### Task item:
Starting at the line below holding "ガーゼ枕カバー 5重ガーゼ マクラカバー" and stopping at the line holding "将来つきたい職業ランキングピックアップ未来の仕事キッズネット。", print every line exactly, both ends included, and leave the rest out.

### Study material:
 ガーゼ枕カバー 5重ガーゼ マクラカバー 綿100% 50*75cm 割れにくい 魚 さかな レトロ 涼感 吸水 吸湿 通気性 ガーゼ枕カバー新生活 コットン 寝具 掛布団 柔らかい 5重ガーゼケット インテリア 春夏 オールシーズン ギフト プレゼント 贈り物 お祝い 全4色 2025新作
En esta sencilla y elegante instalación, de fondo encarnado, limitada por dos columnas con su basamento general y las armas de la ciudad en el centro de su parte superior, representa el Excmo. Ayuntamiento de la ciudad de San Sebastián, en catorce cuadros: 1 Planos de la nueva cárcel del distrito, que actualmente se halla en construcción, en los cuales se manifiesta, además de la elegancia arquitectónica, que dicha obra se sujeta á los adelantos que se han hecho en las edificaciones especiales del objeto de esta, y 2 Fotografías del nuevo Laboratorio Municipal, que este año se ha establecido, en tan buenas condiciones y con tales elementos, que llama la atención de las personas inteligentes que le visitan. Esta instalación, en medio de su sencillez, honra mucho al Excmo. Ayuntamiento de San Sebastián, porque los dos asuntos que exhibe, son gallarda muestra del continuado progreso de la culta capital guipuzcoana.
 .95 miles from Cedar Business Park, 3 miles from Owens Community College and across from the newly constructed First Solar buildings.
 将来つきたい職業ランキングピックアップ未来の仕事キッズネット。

--

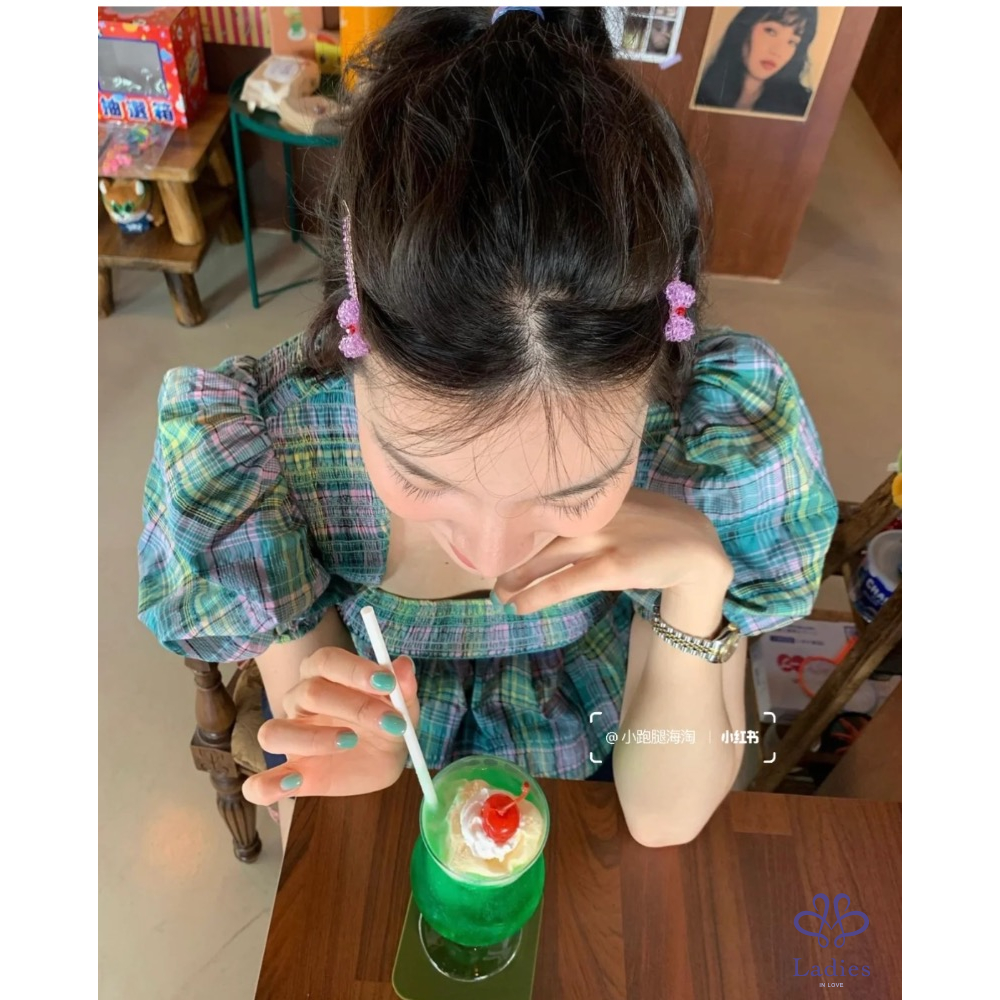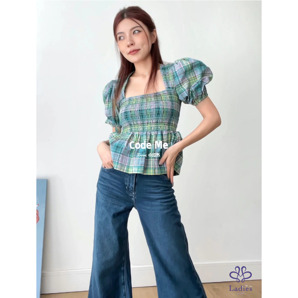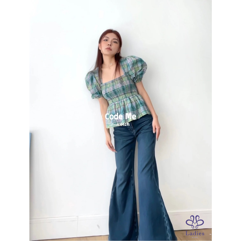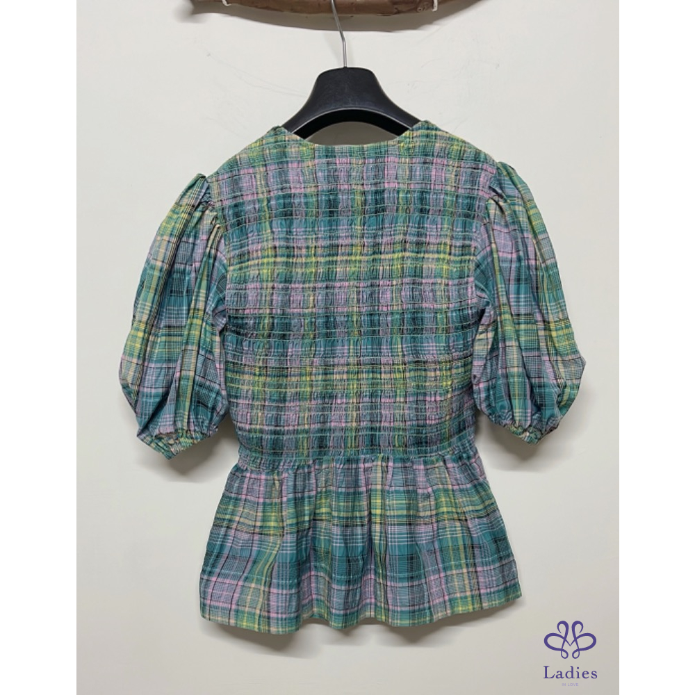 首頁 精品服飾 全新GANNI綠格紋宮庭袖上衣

* * *

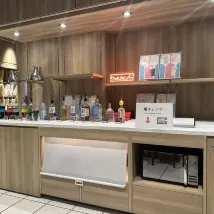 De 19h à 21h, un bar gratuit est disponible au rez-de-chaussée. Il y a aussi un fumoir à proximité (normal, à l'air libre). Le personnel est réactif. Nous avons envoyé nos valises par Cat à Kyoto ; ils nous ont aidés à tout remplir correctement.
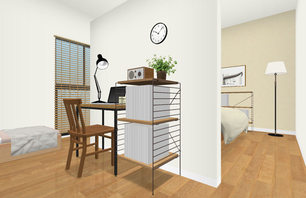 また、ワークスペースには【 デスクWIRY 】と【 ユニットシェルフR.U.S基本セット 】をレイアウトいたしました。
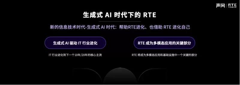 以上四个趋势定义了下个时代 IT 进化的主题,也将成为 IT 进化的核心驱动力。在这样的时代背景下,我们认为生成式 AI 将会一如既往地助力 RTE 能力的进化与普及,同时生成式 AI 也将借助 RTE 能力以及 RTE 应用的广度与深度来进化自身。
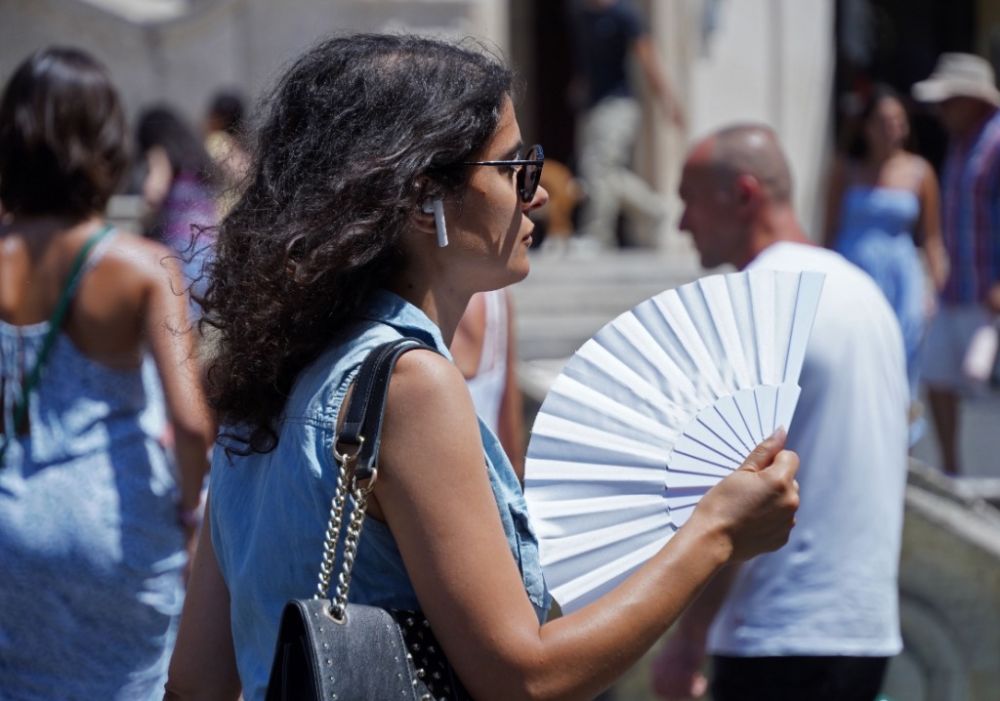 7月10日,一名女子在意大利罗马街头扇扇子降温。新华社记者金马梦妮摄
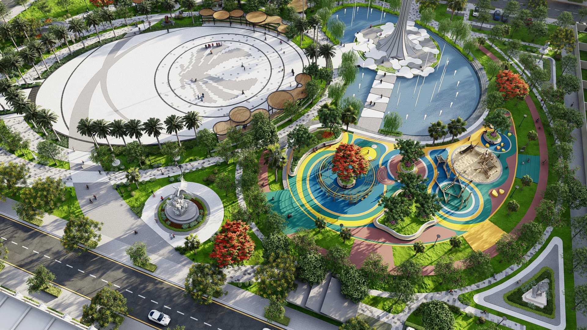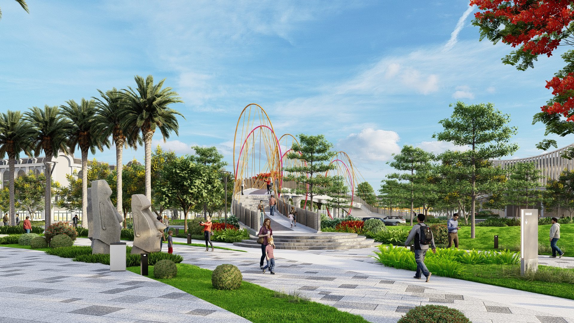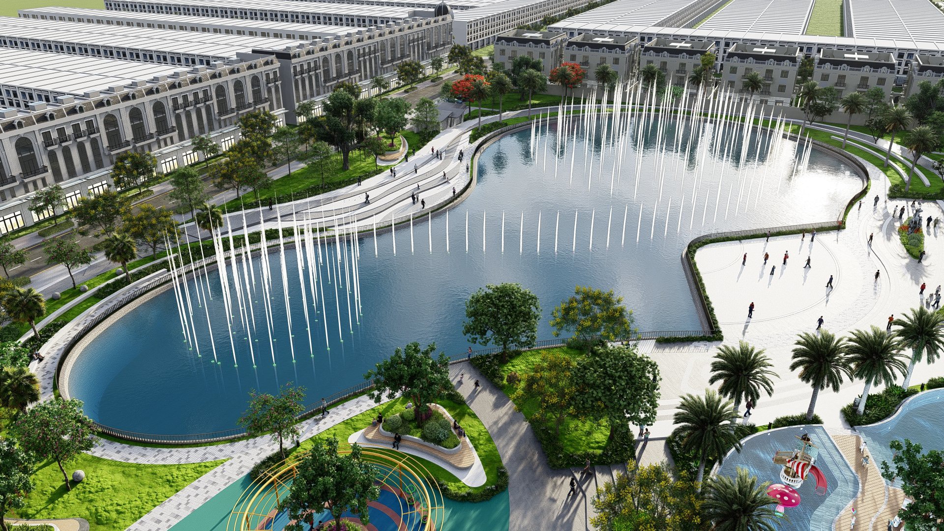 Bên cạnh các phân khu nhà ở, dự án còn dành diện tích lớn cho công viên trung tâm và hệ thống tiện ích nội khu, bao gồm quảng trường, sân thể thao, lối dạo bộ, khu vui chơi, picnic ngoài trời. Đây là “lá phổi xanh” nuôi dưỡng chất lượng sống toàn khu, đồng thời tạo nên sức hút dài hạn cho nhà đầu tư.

### Task solution:
 ガーゼ枕カバー 5重ガーゼ マクラカバー 綿100% 50*75cm 割れにくい 魚 さかな レトロ 涼感 吸水 吸湿 通気性 ガーゼ枕カバー新生活 コットン 寝具 掛布団 柔らかい 5重ガーゼケット インテリア 春夏 オールシーズン ギフト プレゼント 贈り物 お祝い 全4色 2025新作
En esta sencilla y elegante instalación, de fondo encarnado, limitada por dos columnas con su basamento general y las armas de la ciudad en el centro de su parte superior, representa el Excmo. Ayuntamiento de la ciudad de San Sebastián, en catorce cuadros: 1 Planos de la nueva cárcel del distrito, que actualmente se halla en construcción, en los cuales se manifiesta, además de la elegancia arquitectónica, que dicha obra se sujeta á los adelantos que se han hecho en las edificaciones especiales del objeto de esta, y 2 Fotografías del nuevo Laboratorio Municipal, que este año se ha establecido, en tan buenas condiciones y con tales elementos, que llama la atención de las personas inteligentes que le visitan. Esta instalación, en medio de su sencillez, honra mucho al Excmo. Ayuntamiento de San Sebastián, porque los dos asuntos que exhibe, son gallarda muestra del continuado progreso de la culta capital guipuzcoana.
 .95 miles from Cedar Business Park, 3 miles from Owens Community College and across from the newly constructed First Solar buildings.
 将来つきたい職業ランキングピックアップ未来の仕事キッズネット。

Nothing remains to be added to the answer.